From a distance it looked like the Toyota truck was overloaded with balloons, but as we drew closer the yellow and blue shapes turned into jerry cans. The vehicle was unmistakably a gasoline smuggler taking back roads in southern Tunisia to avoid attracting authorities, my driver explained. A motorized Molotov cocktail, it turned down a side road and out of sight.
Gasoline smuggling in Tunisia is a serious problem for the government. In 2013, the volume of cash in circulation outside the banking system added up to 600 million Tunisian dinars (roughly 400 million U.S. dollars). A report released by the government in 2013 suggested that the informal economy constitutes roughly 30 to 40 percent of the economy as a whole. A World Bank report released that same year estimated that 25 percent of the fuel consumed in Tunisia was smuggled into the country. While fuel smuggling is also a function of subsidized fuel in neighboring countries, it is symptomatic of the problems in the Tunisian economy and the need for economic formalization.
Fresh bread for the faithful
Some four years after the toppling, Tunisia is increasingly cited as an Arab Spring success story. Indeed, from a political perspective the country is doing far better than its Arab Spring peers. New parliamentary elections later this month are likely to proceed smoothly. However, from an economic perspective Tunisia’s economic system is even worse than in the closing days of the Ben Ali regime, when the country was attracting a larger number of foreign investments. The economy is moving in the wrong direction. The Fraser Institute’s annual survey “Economic Freedom of the World” has recorded this disturbing trend: while the Tunisian economy was ranked 81st in 2001, it fell to 100th in 2012. In a June IRI poll, 70 percent of Tunisians polled said politicians in Tunis do not care about local problems such as fuel.
Ennahda, an Islamic party also known as Renaissance Party, appears likely to win the elections at the end of October. This is due in no small part to its social work and appeal to conservative voters. During my time in Tunisia, I noticed a group of worshipers filing out of a mosque after Friday prayers.
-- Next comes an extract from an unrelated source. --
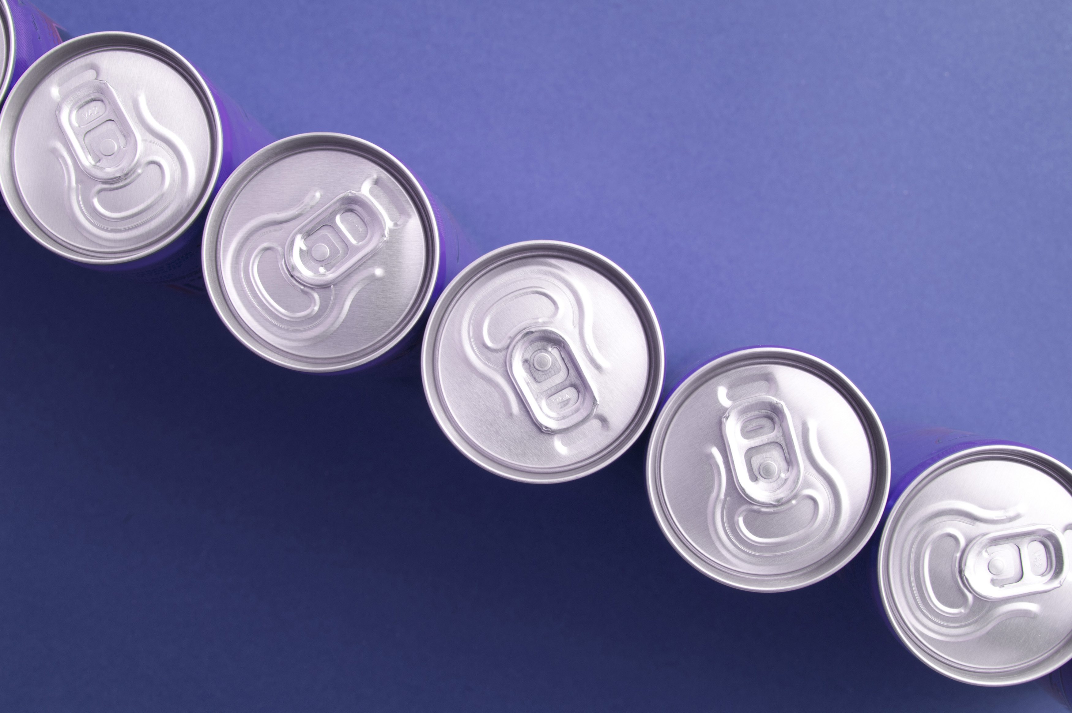 Row of beverage cans arranged in a diagonal line on a blue background, close up overhead view with copyspace

Suddenly, bearded men in prayer caps appeared to hand out fresh baguettes to the faithful. Rewarding the faithful simply for their prayers is unheard of elsewhere in the Muslim world.
Greater economic rights
What made the scene further surreal was that it took place not in Ennahda strongholds, but in Hammat – a seaside resort that has been the destination of European package tourists for decades. The picturesque town is where Erwin Rommel once headquartered, Winston Churchill wrote his memoirs, and Socialist Italian Prime Minister Bettino Craxi spent years in self-imposed exile to avoid corruption charges. If the state fails to provide for the needs of the Tunisian voters, other groups are prepared to fill that void.
Whoever wins Tunisia’s upcoming elections (the parliamentary in October followed by the presidential in November), the new government must work harder to expand the economic rights of the Tunisian people. We should recall the example of Tarek al-Tayeb Mohamed Bouazizi, the Tunisian street vendor who doused himself in fuel before lighting himself on fire on December 17th, 2010 and whose immolation was emulated around the world. Bouazizi was protesting for greater economic rights, in his case the right to sell oranges and make a living. Easing labor market restrictions as well as the process to start a business would go a long way to formalizing the informal economy – and perhaps, as a side benefit, undercut the appeal of extremist ideologies.